US 11,755,320 B2
	Compute array of a processor with mixed-precision numerical linear algebra support
Jose E. Moreira, Irvington, NY (US); Brett Olsson, Cary, NC (US); Brian W. Thompto, Austin, TX (US); Silvia Melitta Mueller, Altdorf (DE); and Andreas Wagner, Weil im Schönbuch (DE)
Assigned to INTERNATIONAL BUSINESS MACHINES CORPORATION, Armonk, NY (US)
Filed by International Business Machines Corporation, Armonk, NY (US)
Filed on Sep. 21, 2021, as Appl. No. 17/480,279.
Application 17/480,279 is a continuation of application No. 16/712,087, filed on Dec. 12, 2019, granted, now 11,188,328.
Prior Publication US 2022/0004386 A1, Jan. 6, 2022
This patent is subject to a terminal disclaimer.
Int. Cl. G06F 9/38 (2018.01); G06F 9/30 (2018.01); G06F 17/16 (2006.01)

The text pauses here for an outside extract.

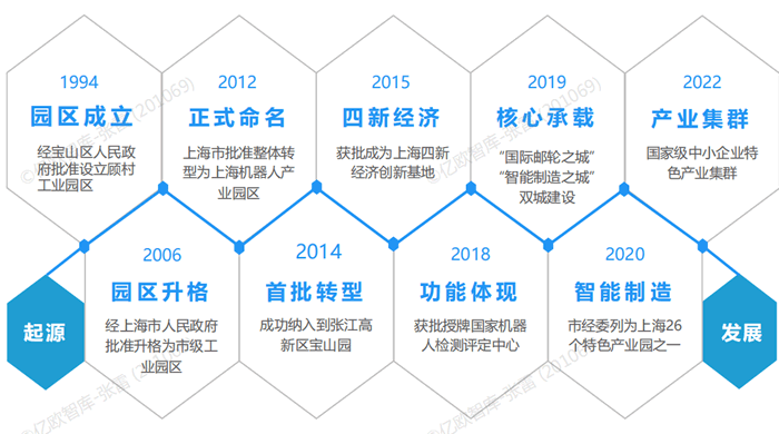 上海機器人產業園位于寶山區顧村鎮,前身為寶山區顧村工業園區,成立于1994年,總占地3.09KM2。2012年經上海市經信委批準掛牌上海機 器人產業園,是上海首家以機器人命名的園區,也是距離上海市中心的104工業園區,2020年成為上海首批26個特色產業園之一,2022年 成為國家工信部中小企業特色產業集群之一。

CPC G06F 9/30014 (2013.01) [G06F 9/30145 (2013.01); G06F 9/3855 (2013.01); G06F 9/3893 (2013.01); G06F 17/16 (2013.01)]

20 Claims

1. A computer-implemented method comprising:

determining, by a processor, a first precision and a first shape of a first input matrix to a compute array of the processor, wherein the processor comprises an instruction fetch/decode unit operable to fetch and decode a plurality of instructions comprising at least one instruction to perform a plurality of linear algebra operations, a dispatch/issue unit operable to dispatch the instructions to an issue queue after decoding, and the compute array is associated with the issue queue;

determining, by the processor, a second precision and a second shape of a second input matrix to the compute array of the processor; and

repeating a plurality of linear algebra operations in parallel within the compute array to update a result matrix in an accumulator register based on the first input matrix, the second input matrix, and a number of rank updates of the result matrix to store in the accumulator register.